Notebook Instructions

For your assignment you may be using different dataset than what is included here.
Always read carefully the instructions on Sakai.
Tasks/questions to be completed/answered are highlighted in larger bolded fonts and numbered according to their section.

About

Web scraping, web harvesting, or web data extraction is data scraping used for extracting data from websites.
This technique mostly focuses on the transformation of unstructured data (HTML format) on the web into structured data (database or spreadsheet)
A fictitious London-based training company, WeTrainYou, wants to start a local training facility in California. It is looking for a city where ample Salesforce* development jobs are available.
Its goal is to train engineers and fulfill full-time and part-time jobs. WeTrainYou has hired you to determine where they should set up the business.
Case Study: https://software.intel.com/en-us/articles/using-visualization-to-tell-a-compelling-data-story

Load Packages in R/RStudio

We are going to use tidyverse a collection of R packages designed for data science.

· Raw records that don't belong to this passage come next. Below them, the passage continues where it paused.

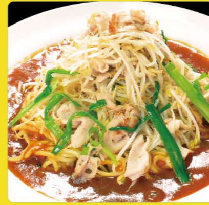
ポークもやし 税込価格 ¥980 豚肉・もやし・にら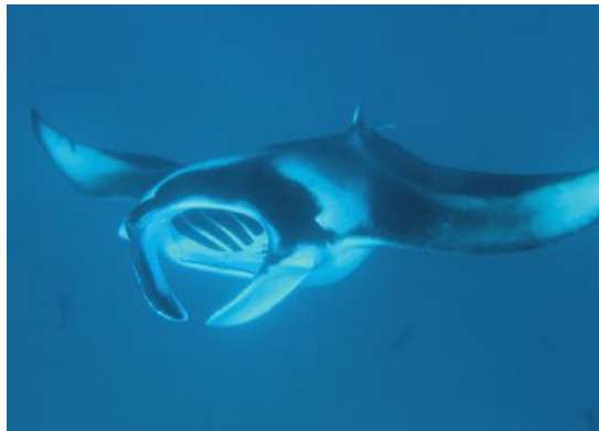
Att se mantor under en snorklingsutflykt till Hanifaru Bay blir en av höjdpunkterna på resan.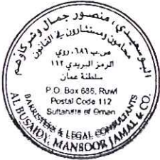
المستشار القانوني Legal Advisor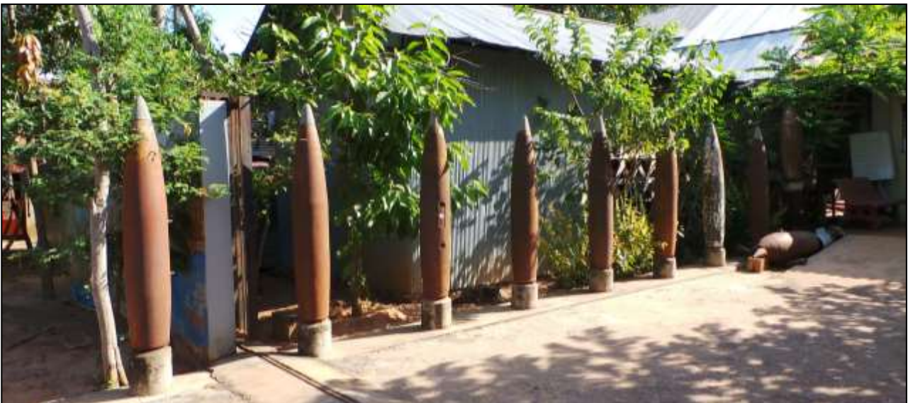
De ingang bij het Landmijnen Museum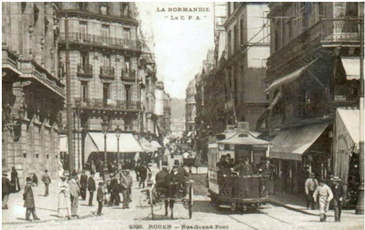
Rouen – rue Grand Pont (au début du 20ème siècle)

Rentrés à leur hôtel, ils se sont mis au balcon et ont renouvelé leurs adieux à la foule innombrable qui se pressait dans toute la rue Grand-Pont et qui luttait des mains à leur vue. Enfin, à dix heures, ils se sont rendus en voiture à la barrière Saint-Paul, où ils sont montés dans le Vélocifère*, qui les a emportés pour la capitale ».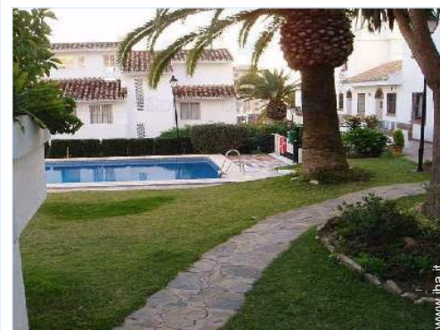
piscina in comune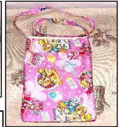
古着で作った サコッシュ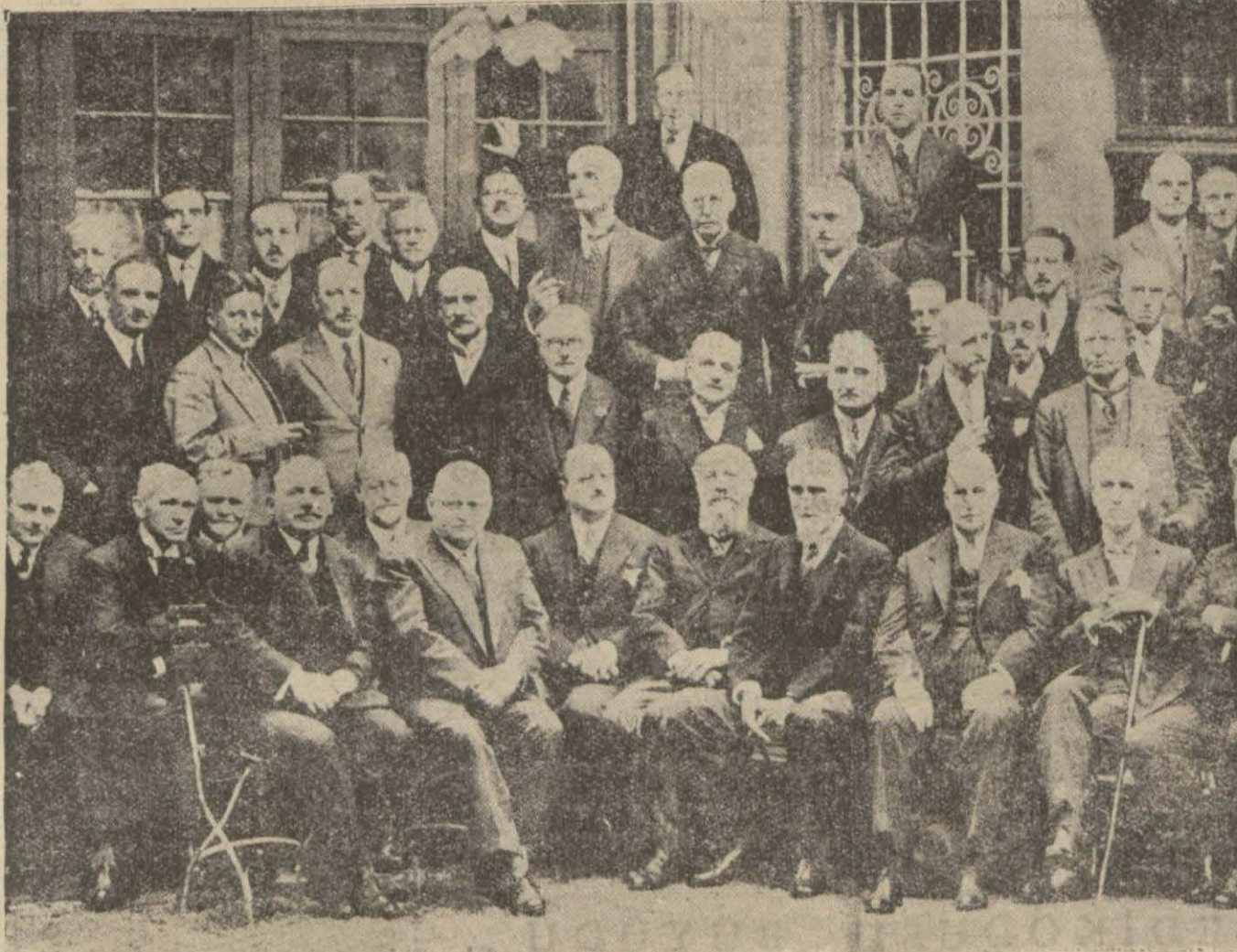
Alman vaziyetini ilk tetkik eden heyet: baldeki beynelmil bankası erkânı

Alman buhranından doğan ihtilâflı vaziyete dair Londra Paris ve Berlinden dün gelen telgrafların hulâsası şudur: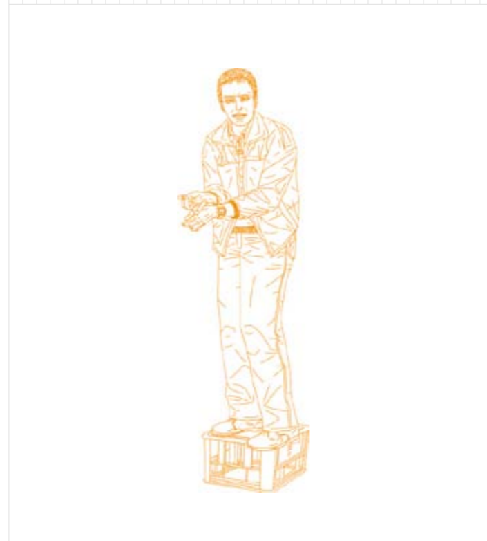
Alex Hanimann, Mann auf Kiste , 2009, dessin vectoriel sur papier, 29,7 x 21 cm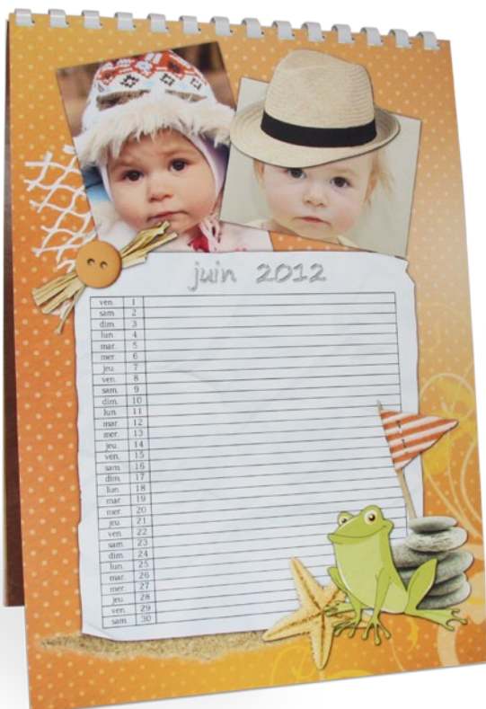
Un calendrier A4 portrait avec un espace pour les annotations à accrocher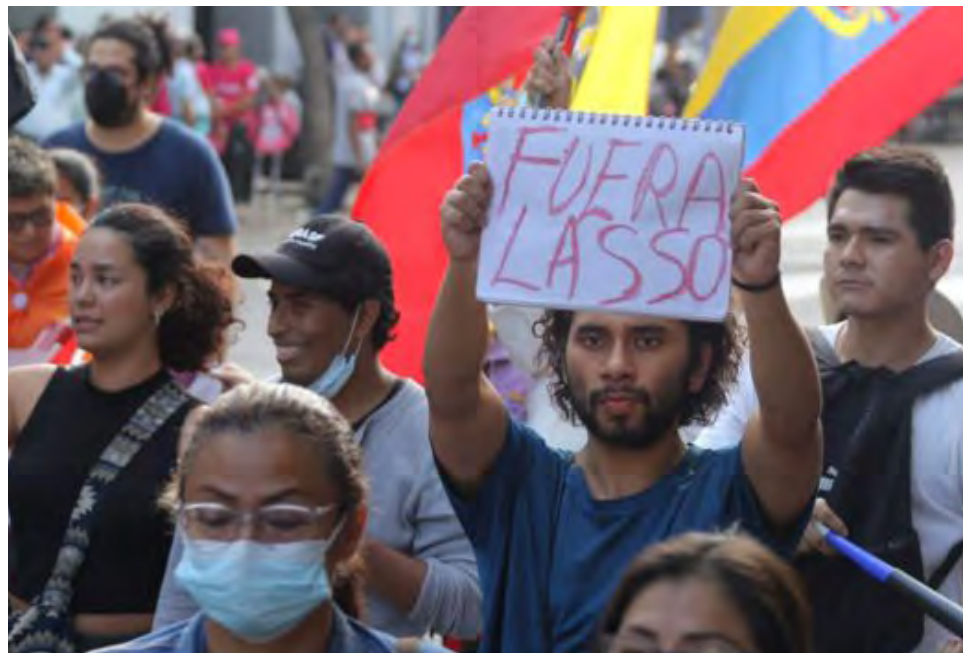
Las protestas parecen querer la dimisión del presidente.

La posibilidad de un diálogo inmediato se diluyó. Tras el gesto del Gobierno de conceder la entrada de los miembros de la Confederación de Nacionalidades Indígenas del Ecuador (Conaie), no hubo un gesto similar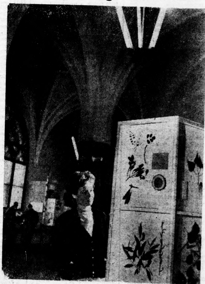
A Mezőgazdasági Múzeum vajdahunyadvári gótikus termében állandó erdészeti kiállítást rendeztek be. Az új kiállítás bemutatja a magyar erdők és az erdőgazdálkodás fejlődését az őskortól napjainkig. A közönség számára az új épített termeket május 15-én, kedden 10 órakor nyitották meg. A képen: Részlet a kiállításról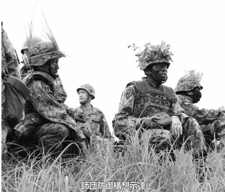
師団防御構想示達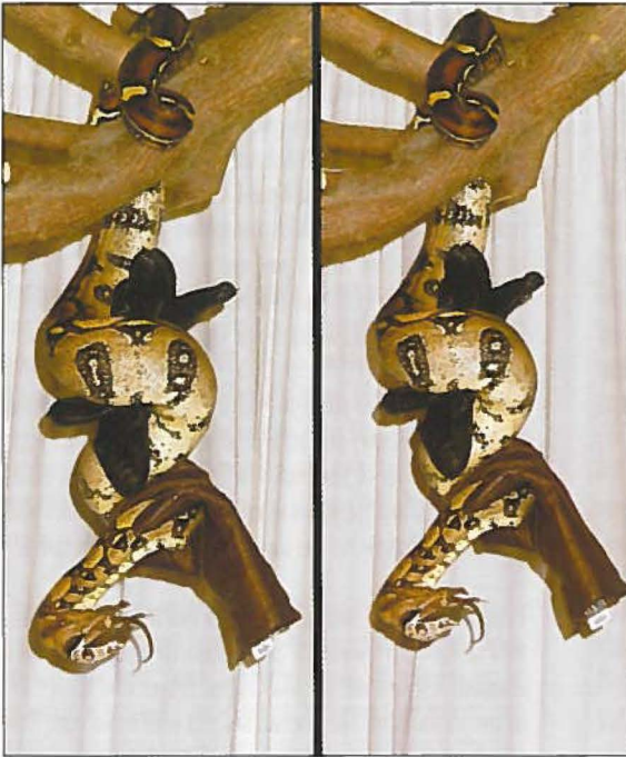
Foto 2B: 3D opnames van een Boa constrictor hangend aan een tak met twee handschoenen in de wurggreep en een prooi in de bek. Zie tekst voor uitleg over het bekijken. Photo 2B: 3D pictures of a Boa constrictor hanging from a branch with two gloves constricted and a prey in the mouth. See text for explanation on the viewing.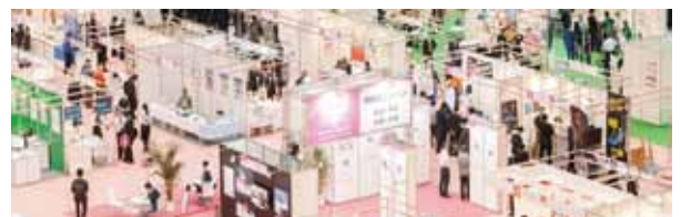
自社の製品や技術を展示する見本市の会場(一例)

※国内出展の場合は、出展小間数100以上または出展予定企業が100社以上の規模で沖縄を除く九州以外の地域で開催されるもの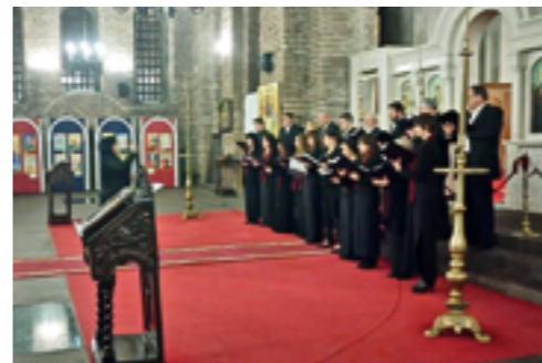
3. ХОР "КАСИАНА ДОМЕСТИКА", ШУМЕН, БЪЛГАРИЯ

Info: https://www.tidyverse.org/

## Loading required package: tidyverse

## -- Attaching packages --------------------------------------- tidyverse 1.2.1 --

## v ggplot2 2.2.1     v purrr   0.2.4
## v tibble  1.4.2     v dplyr   0.7.4
## v tidyr   0.7.2     v stringr 1.2.0
## v readr   1.1.1     v forcats 0.2.0

## -- Conflicts ------------------------------------------ tidyverse_conflicts() --
## x dplyr::filter() masks stats::filter()
## x dplyr::lag()    masks stats::lag()

## Loading required package: rvest

## Loading required package: xml2

## 
## Attaching package: 'rvest'

## The following object is masked from 'package:purrr':
## 
##     pluck

## The following object is masked from 'package:readr':
## 
##     guess_encoding

Web Scraping Functions

# This function to creates a URL for the www.dice.com website and extract the data 
create_url <- function(website, title, location, radius, page){
  url <- paste0(website, "?q=", title, "&l=", location, "&radius=", radius)
  url <- paste0(url, "&startPage=", page, "&jobs")
  return(url)
}

# This function use the unstructure data from the html file to create a dataframe
# with only the data that is needed for analysis
create_tibble <- function(html){
  
  search_title <- html %>% 
    html_nodes(".complete-serp-result-div") %>%
    html_nodes(xpath = "//a/@title") %>%
    html_text()
  
  search_region <- html %>% 
    html_nodes(".complete-serp-result-div") %>% 
    html_nodes('[itemprop="address"]') %>%
    html_nodes("[itemprop=addressRegion]") %>%
    html_text()
  
  search_zipcode <- html %>% 
    html_nodes(".complete-serp-result-div") %>% 
    html_nodes('[itemprop="address"]') %>%
    html_nodes("[itemprop=postalCode]") %>%
    html_text()
  
  search_address <- html %>% 
    html_nodes(".complete-serp-result-div") %>% 
    html_nodes('[itemprop="address"]') %>%
    html_nodes("[itemprop=streetAddress]") %>%
    html_text() %>% 
    str_replace(pattern = paste0(", ",search_region), "")
  
  search_company <- html %>% 
    html_nodes(".complete-serp-result-div") %>% 
    html_nodes('[itemprop="hiringOrganization"]') %>%
    html_nodes("[itemprop=name]") %>%
    html_text()
  
    df <- tibble(title = search_title,
                 company = search_company,
                 city = search_address, 
                 state = search_region,
                 zipcode = search_zipcode)

    return(df)
}

Task 1: Data Collection - Web Scraping

1A) Use the create_url() function and the given website to scope the data that you will collection. In the function for “title” use one of the “Trending Searches” from the website or a job title that you are interested. For “location” use a US State (CA, IL, …), for “radious” use 30 miles, finally we are only interested in the first page. Take an screenshot of only the data that you need

Trending Searches: www.dice.com
Job Website: “https://www.dice.com/jobs”
Commands: create_url(website = JOBSITE , title = JOBTITLE, location = STATE, radius = NUM_MILES, page = PAG_NUM)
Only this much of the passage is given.